4. What is a critical finalizer?  Answer

   The big problem with finalizers is that they are not actually guaranteed to be called.  If something goes wrong in the application the finalizer may never be called.  For example if the application runs out of stack space finalizers will not be called.

   Critical finalizers, introduced in v2, work around this issue by guaranteeing that they will always be called at some point.  They do this by using critical execution regions (CERs) which are pre-JITted blocks of code that are guaranteed to execute and are guaranteed to be safe.  CERs can make these guarantees because they are pre-JITted and therefore the CLR knows what it will take to call them even in the face of out of memory errors. 

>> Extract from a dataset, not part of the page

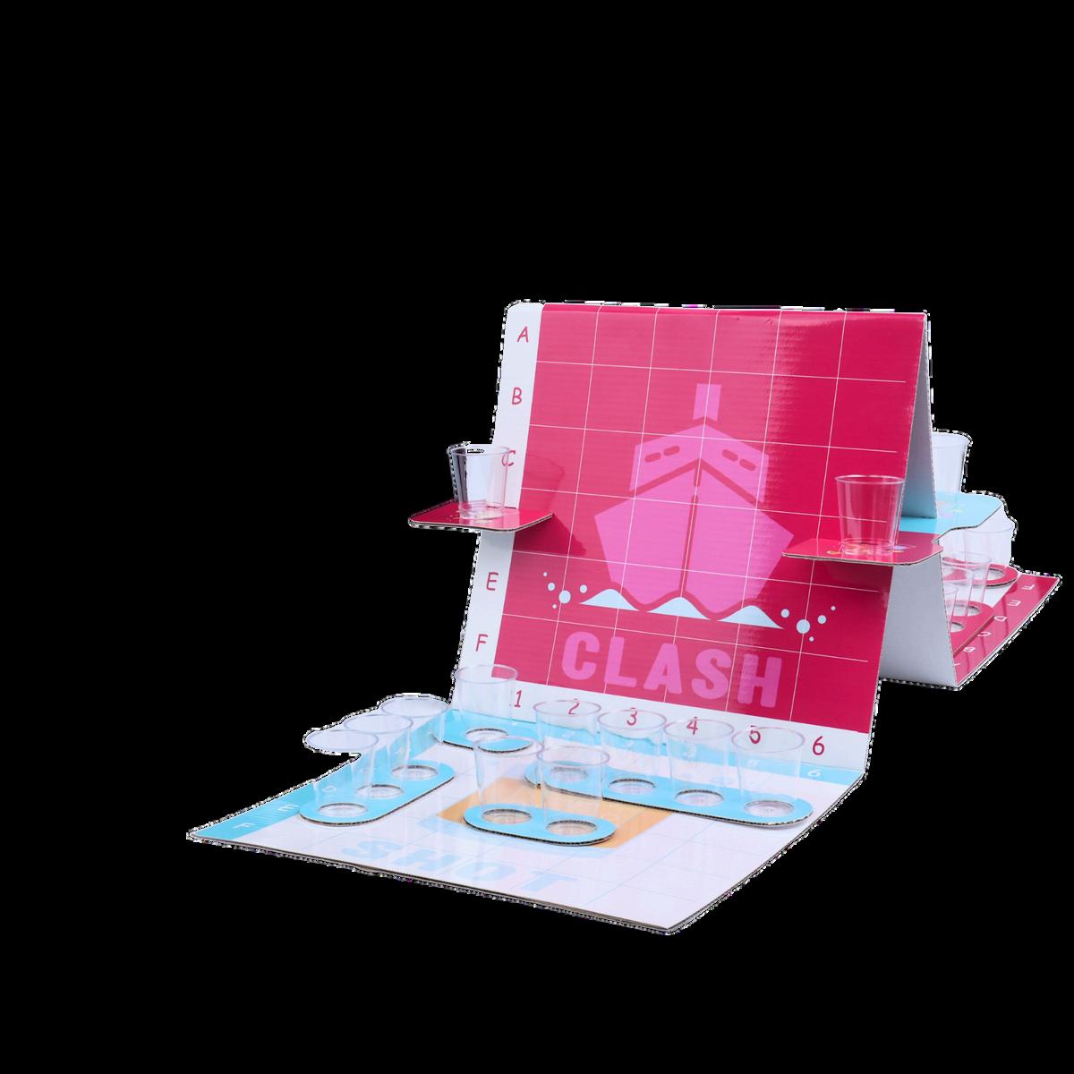 Hide ships on a grid. Take turns guessing coordinates. If you hit a ship, the other player drinks. Three misses in a row means you drink a super shot. The first player to sink all ships wins. Thelosingplayerdrinkstheremainingships

   A critical finalizer is rarely used outside core classes provided by the framework.  Handles to OS resources are the most prevalent users of critical finalizers.

5. What is the IDisposable interface?  Answer

   This interface is used to identify an object that should be cleaned up.  In most cases an object that implements the interface also implements a finalizer just in case the object is not cleaned up.  The interface follows the disposable pattern and is covered in this article.

6. How do you suppress finalization of an object?  Answer

   The GC.SuppressFinalize method is used to suppress the finalizer of an object.  It is generally called by the object's public Dispose method.  If a user properly disposes of an object then the finalizer would have nothing to do.  This method effectively tells the GC to not bother with the finalizer method and, hence, free the object earlier.

7. What happens if an object throws an exception during finalization?  Answer

   As of v2 if a finalizer throws an exception the finalizer thread will die.  In previous versions the finalizer thread would ignore the exception.  Do not allow finalizers to throw unhandled exceptions!!

8. What happens if an object throws an unhandled exception in its constructor?  Answer

   The object is not created and the exception is passed back to the caller.  The finalizer, if any, will still be called so build it accordingly.

9. What is the large object heap?  Answer

   This heap is used for storing large objects in managed code.  A large object is an arbitrary size that, at last check, was 85KB in size or larger.  Unlike normal memory which is compacted when a GC is run the large object heap is never compacted as it would take too long to move all the large objects.

10. How can you determine how much memory is being used in the different GC generations?  Answer

    The easiest way is to use PerfMon as .NET installs counters for the different generations including how many objects are in the generation and their size.  It is available under the .NET CLR Memory performance object.  Many other tools exist as well.  Process Explorer (see the links section) provides columns for the GC information of .NET processes.